TASK INSTRUCTIONS =
Please repeat, from the entries that follow, the lines from the one containing "图为7月13日,参加比赛的选手在进行游泳项目的比赛。 本报记者 金玉敏 摄" through the one containing "Note: for those" exactly, adding nothing.

RECORDS FOR THE TASK =
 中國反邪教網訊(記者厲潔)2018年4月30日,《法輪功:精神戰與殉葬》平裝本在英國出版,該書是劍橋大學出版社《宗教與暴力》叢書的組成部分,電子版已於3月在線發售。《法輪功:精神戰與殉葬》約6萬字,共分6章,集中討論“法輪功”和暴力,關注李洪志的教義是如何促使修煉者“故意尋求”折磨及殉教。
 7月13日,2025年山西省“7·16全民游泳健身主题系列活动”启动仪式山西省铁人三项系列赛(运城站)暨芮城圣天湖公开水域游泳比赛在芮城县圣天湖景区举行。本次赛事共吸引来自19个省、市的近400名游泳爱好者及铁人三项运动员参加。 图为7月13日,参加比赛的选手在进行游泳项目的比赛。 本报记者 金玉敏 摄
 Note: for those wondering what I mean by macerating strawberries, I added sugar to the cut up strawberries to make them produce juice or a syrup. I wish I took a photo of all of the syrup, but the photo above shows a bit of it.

--

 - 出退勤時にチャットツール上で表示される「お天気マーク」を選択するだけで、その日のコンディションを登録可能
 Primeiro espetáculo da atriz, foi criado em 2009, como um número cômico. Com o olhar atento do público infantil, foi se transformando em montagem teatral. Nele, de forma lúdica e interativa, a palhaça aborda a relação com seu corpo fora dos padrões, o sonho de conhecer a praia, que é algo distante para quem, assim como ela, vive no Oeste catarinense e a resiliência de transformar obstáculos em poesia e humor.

--

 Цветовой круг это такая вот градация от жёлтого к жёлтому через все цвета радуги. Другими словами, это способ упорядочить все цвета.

TASK RESULT =
 7月13日,2025年山西省“7·16全民游泳健身主题系列活动”启动仪式山西省铁人三项系列赛(运城站)暨芮城圣天湖公开水域游泳比赛在芮城县圣天湖景区举行。本次赛事共吸引来自19个省、市的近400名游泳爱好者及铁人三项运动员参加。 图为7月13日,参加比赛的选手在进行游泳项目的比赛。 本报记者 金玉敏 摄
 Note: for those wondering what I mean by macerating strawberries, I added sugar to the cut up strawberries to make them produce juice or a syrup. I wish I took a photo of all of the syrup, but the photo above shows a bit of it.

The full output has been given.